An ecclesiastical full moon is formally the 14th day of the ecclesiastical lunar month (an ecclesiastical moon) in an ecclesiastical lunar calendar.  The ecclesiastical lunar calendar spans the year with lunar months of 30 and 29 days which are intended to approximate the observed phases of the Moon.   Since a true synodic month has a length that can vary from about 29.27 to 29.83 days,  the moment of astronomical opposition tends to be roughly 14.75 days after the previous conjunction of the Sun and Moon (the new moon).  The ecclesiastical full moons of the Gregorian lunar calendar tend to agree with the dates of astronomical opposition, referred to a day beginning at midnight at 0 degrees longitude, to within a day or so.  However, the astronomical opposition happens at a single moment for the entire Earth:  The hour and day at which the opposition is measured as having taken place will vary with longitude.   In the ecclesiastical calendar, the 14th day of the lunar month, reckoned in local time, is considered the day of the full moon at each longitude.

Schematic lunar calendars can and do get out of step with the Moon. A useful way of checking their performance is to compare the variation of the astronomical new moon with a standard time of 6 a.m. on the last day of a 30-day month and 6 p.m. (end of day) on the last day of a 29-day month.
 
Beginning in the medieval period the age of the ecclesiastical moon was announced daily in the office of Prime at the reading of the martyrology. This is still done today by those using the extraordinary form of the Roman Rite adhering to the 1962 Roman Breviary.  

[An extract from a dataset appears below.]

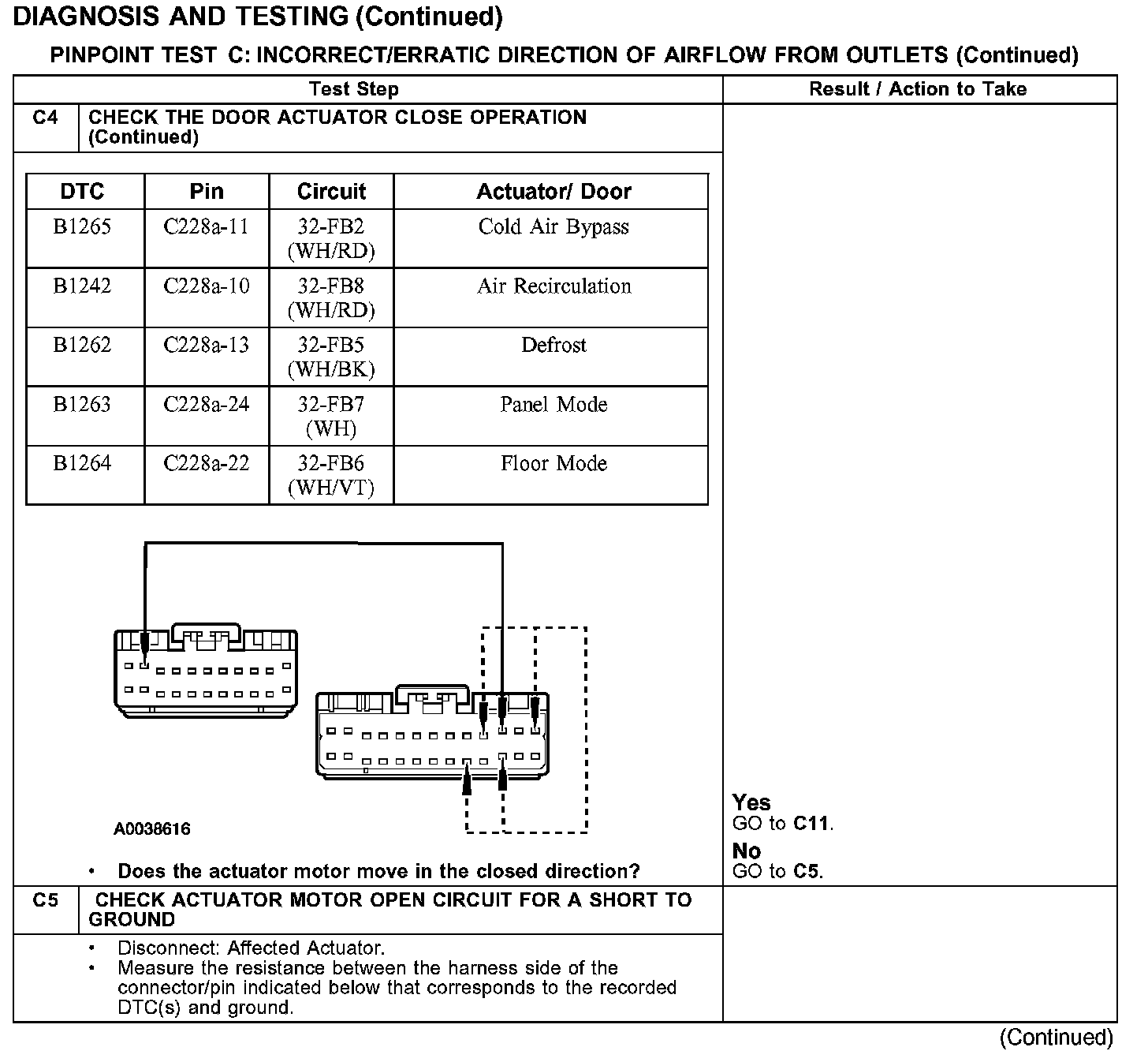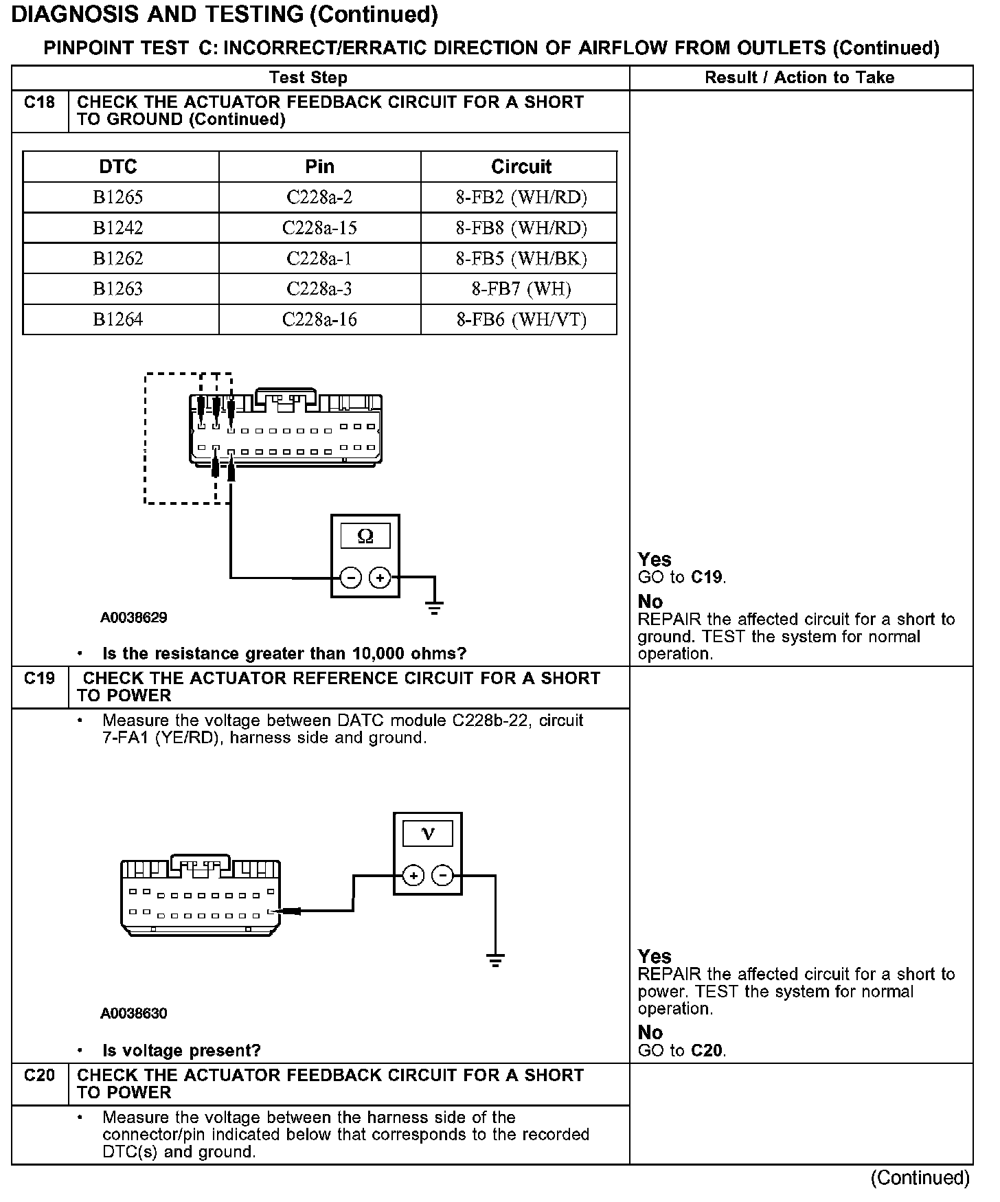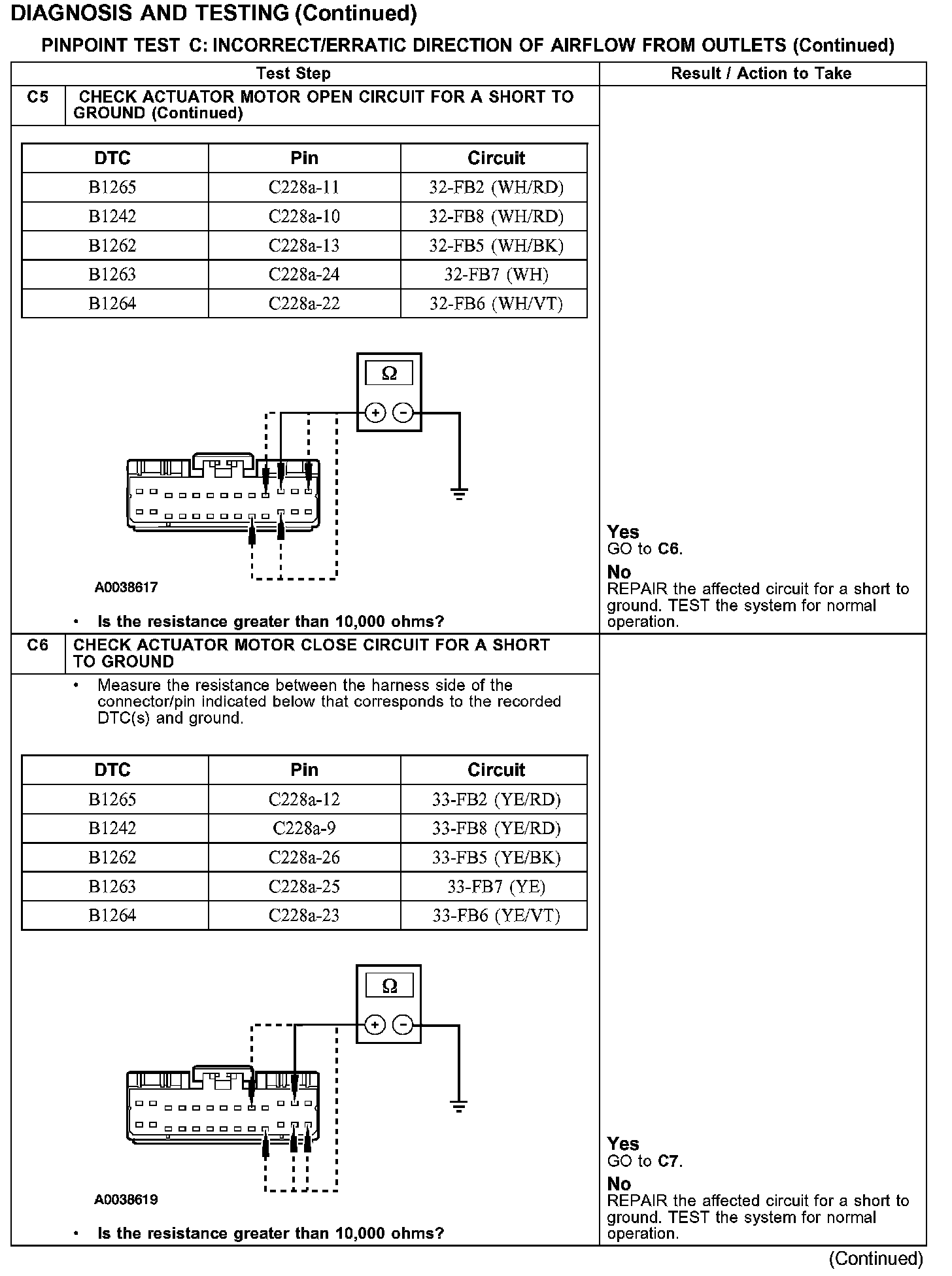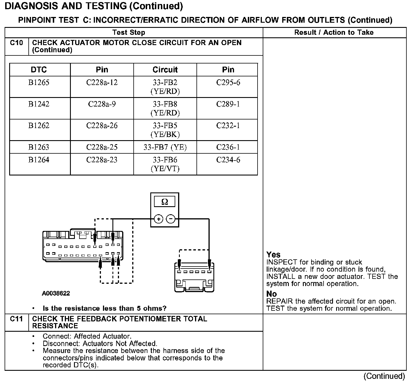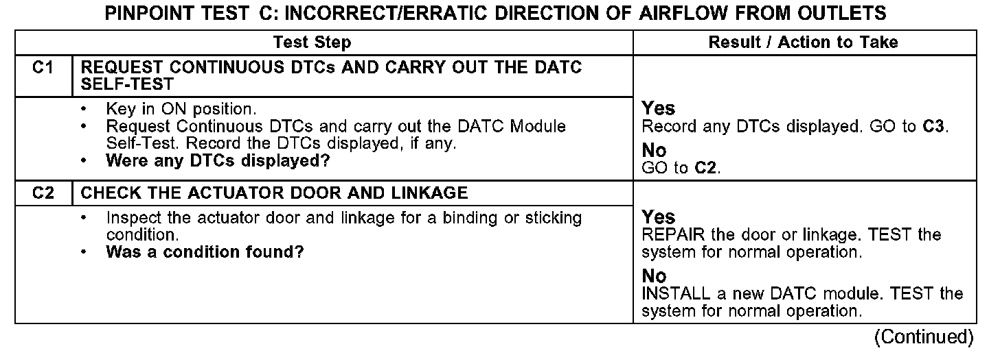 PINPOINT TEST C: INCORRECT/ERRATIC DIRECTION OF AIRFLOW FROM OUTLETSTest C1-C2:

In the Book of Common Prayer of the Protestant Episcopal Church of the United States of America, the dates of the paschal full moons for the 19 years of the Gregorian Easter cycle are indicated by the placement of the Golden Number to the left of the date in March or April on which the paschal full moon falls in that year of the cycle.  The same practice is followed in some editions of the Book of Common Prayer of the Church of England.

Paschal full moon

The paschal full moon is the ecclesiastical full moon of the northern spring and is used in the determination of the date of Easter.  The name "paschal" is derived from "Pascha", a transliteration of the Aramaic word meaning Passover.  The date of Easter is determined as the first Sunday after the  "paschal full moon" that falls on or after March 21. (March 21 is the ecclesiastical equinox, the date fixed by the Gregorian reform of the calendar as a fixed reference date for the Spring Equinox in the Northern hemisphere; the actual Equinox can fall on March 19, 20 or 21).  This "full moon" does not currently correspond directly to any astronomical event, but is instead the 14th day of a lunar month, determined from tables. It may differ from the date of the actual full moon by up to two days.

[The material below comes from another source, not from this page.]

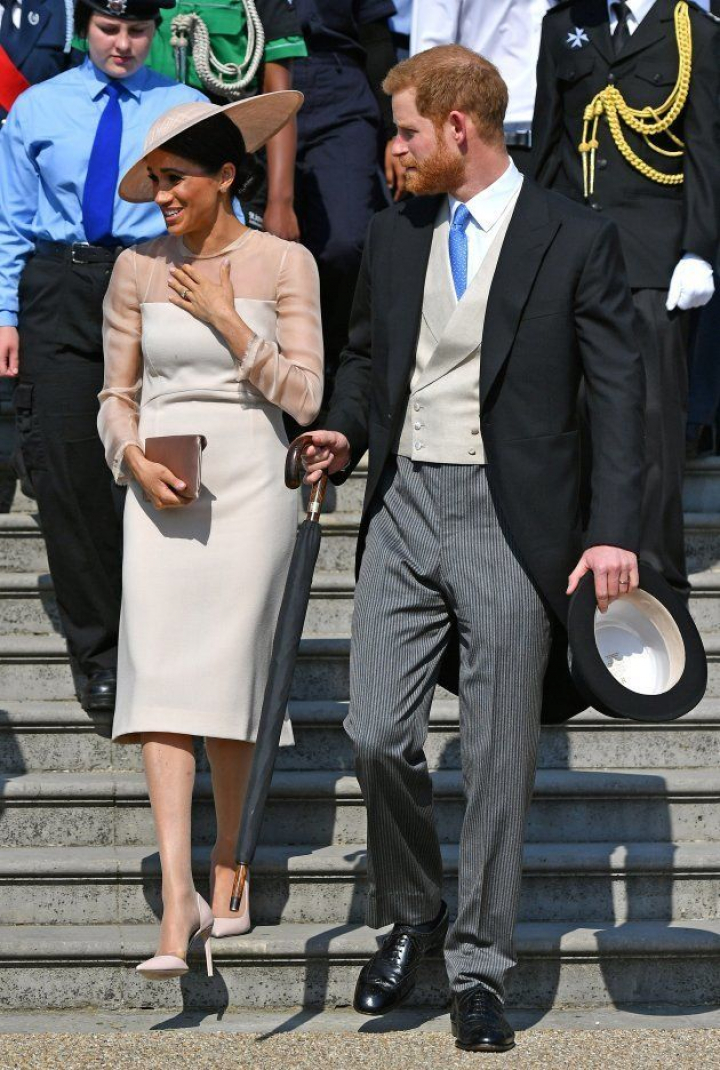 Markle ha lucido un vestido corto —acorde para este tipo de fiestas llamadas garden parties— en tono empolvado, con trasparencia en la parte superior y en las mangas, y sombrero del mismo color. Para completar su look, la duquesa de Sussex ha llevado una cartera metalizada, unos zapatos de tacón en tono crudo y medias blancas.

The calculations to determine the date of the paschal full moon can be described as follows:

 Nineteen civil calendar years are divided into 235 lunar months of 30 and 29 days each.
 This period of 19 years (the metonic cycle) is used because it produces a set of civil calendar dates for the ecclesiastical moons that repeats every nineteen years while still providing a reasonable approximation to the astronomical facts.
 The first day of each of these lunar months is the ecclesiastical new moon.  Exactly one ecclesiastical new moon in each year falls on a date between March 8 and April 5, both inclusive.  This begins the paschal lunar month for that year, and thirteen days later (that is, between March 21 and April 18, both inclusive) is the paschal full moon.
 Easter is the Sunday following the paschal full moon.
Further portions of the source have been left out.